Harrison Tyler is a college professor and the grandson of John Tyler, 10th President of the US. That just blows my mind when you think how young our country really is that there are people directly related to people who knew our founders
I lived next door to a WW I vet when I was a kid, back in the day when older people weren’t SCARED to speak with kids and vice versa, and he was an interesting guy with a lot of stories.
If you visit the Cantigny museum in Illinois, you might come away thinking that WWII wasn’t WWII, but WWI, part II. WWII was largely a battle of machines; WWI was a meat grinder for soldiers. If you wonder why Europe seems so degenerate today, consider how many of the best were lost in WWI and WWII. Those wars cast a LONG shadow through time.
My Mom has a photo of her as a child standing next to her Great Uncle who served in the Civil War.
My grandfather died in Dec of 2000, just a couple months after his 100th birthday. His great-uncles served in the War between the States. When he talked of them it was with such an intimacy that I felt I knew them too.

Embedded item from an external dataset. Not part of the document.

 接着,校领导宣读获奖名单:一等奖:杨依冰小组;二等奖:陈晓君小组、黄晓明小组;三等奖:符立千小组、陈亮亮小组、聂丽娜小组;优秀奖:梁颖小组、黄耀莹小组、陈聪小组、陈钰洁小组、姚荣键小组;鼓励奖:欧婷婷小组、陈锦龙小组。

My uncle who passed away back in 1985 was also born in 1901 and I remember him telling me a story about how he always wore a bandana around his neck as a child. One day while walking to school (this would have been around 1910) an old Sioux Indian grabbed the bandana off his neck and took it from him.
The next day, the Indian reappeared on the road and handed my uncle a beautiful beaded pouch in exchange for the bandana. My uncle said it was well known in the small community where he lived that this Sioux had fought Custer at the Little Big Horn.

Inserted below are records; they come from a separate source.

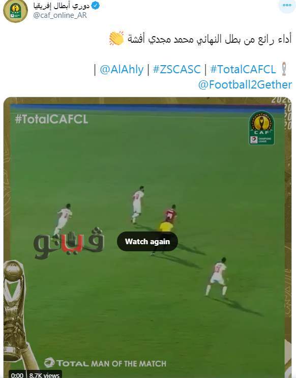أداء رائع من بطل النهائي محمد مجدي أفشة 👏#TotalCAFCL | #ZSCASC | @AlAhly | @Football2Gether pic.twitter.com/R0nERDa5sq— دوري أبطال إفريقيا (@caf_online_AR) November 28, 2020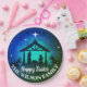 Krippe in einfachem Blau, Grün und Schwarz mit weißem Text für Sie anpassen und weiße Sterne. Rundpapier.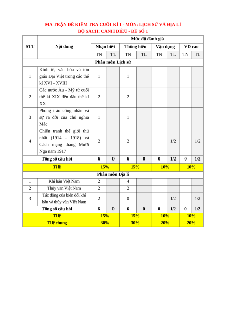 BỘ SÁCH: CÁNH DIỀU - ĐỀ SỐ 1 Mức độ đánh giá STT Nội dung Nhận biết Thông hiểu Vận dụng VD cao TN TL TN TL TN TL TN TL Phân môn Lịch sử Kinh tế, văn hóa và tôn 1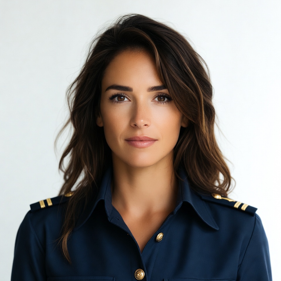 A woman with long wavy brown hair stands against a white background wearing a navy blue uniform jacket with gold epaulets and buttons. She has a direct gaze with subtle makeup and a neutral expression. The portrait focuses on her upper body and face.

What will they say about us?
I recall when I was 4 years old (1954) my father pointed out a man smoking a pipe on the porch of the local veteran’s home. He say the man was 105 years old and had fought in the Civil War. The man died later that year.

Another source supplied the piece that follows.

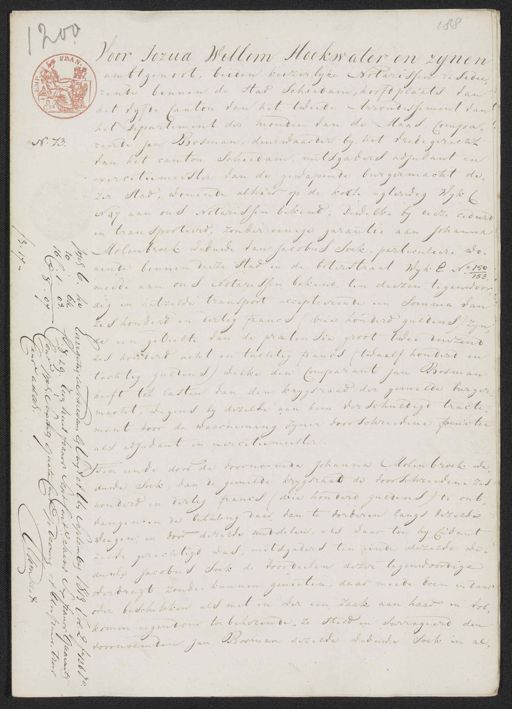 188 200 Voor Jozua Willem Hoekwater en zynen ambtgenoot, beiden keizerlyke Notarissen residee¬ rende binnen de stad Schiedam, hoofdplaats dan het vyfde Canton van het tweede Arrondissement van het Departement der monden van de Maas, Compa„ reerde Jan Bosman, deurwaarder by het vrede gerecht No. 73. van het canton schiedam, mitsgaders adjudant en exercitiemeester van de gewapende burgermacht de„ zer stad, wonende alhier op de korte agterweg Wyk N47 aan ons Notarissen bekend; Dewelke by deeze cedeert en transporteerd, zonder eenige garantie aan Johanna Molenbroek weduwe van Jacobus Soek, particuliere wo„ nende binnen deeze stad in de boterstraat Wyk E. No 150 153 meede aan ons Notarissen bekend, ten deezen tegenwoor dig en hetzelve transport accepteerende een somma van Ao 28 zes hondert en dertig francs (drie honderd guldens) zyn„ de een gedeelte van de prætensie groot twee duizend zes hondert acht en tachtig francs (twaalf honderd en tachtig guldens) welke den Comparant jan Bosman heeft tot lasten van den krygsraad der gemelde burger, macht, wegens by dezelde aan hem verschuldigd tracte„ ment door de waarneming zyner voorschreevene functie als adjudant en exercitiemeester Ten einde door de voornoemde Johanna Molenbroek we„ duwe Soek, van de gemelde krygsraad de voorschreevene zes honderd en dertig francs (drie honderd guldens) te ont¬ vangen en de betaling daar van te vorderen langs dezelde weegen, en door dezelde middelen, als waar toe hy Cidant zelve gerechtigd was, mitsgaders ten einde dezelve we„ dunle Jacobus Soek de voordeelen dezer tegenwoordige overdragt zoude kunnen genieten, daar meede doen en daar oder beschikken als met en over een zaak aan haar in vol„ komen eigendom toebehorende, zo steld en surrogeerd den voornoemden Jan Bosman dezelve weduwe soek in al„

My great grandfather fought in the CW and my grandfather fought in WWI. I never met my great grandfather because he died 30 years before I was born but my grandfather rarely mentioned the Argonne forest where his unit confronted the Germans.
Time does indeed march on, but when I work out the number of generations of my family all the way back to the revolutionary war, it wasn’t that many. The USA has indeed been here for a very short time.
Poser, I am exactly the same age as you and three of my great-grandfathers fought in the Civil War, two for the North, and one for the South. I have seven four times great-grandfathers who fought in the Revolutionary War, one was a British soldier captured by Americans in 1777. He stayed here after his release in 1782. Another was at the Battle of Yorktown and saw Cornwallis surrender to Washington.
Wife's grandmother is 99. Her Grandfather was a Confederate vet. She has a couple of pictures of him, he was a tough-looking character.
Wonder what he'd think of his Great-Great-Granddaughter marrying a dammed Yankee?
“Harrison Tyler is a college professor and the grandson of John Tyler, 10th President of the US.”
I know an older woman whose father was born in 1859. I never considered when her grandfather was born.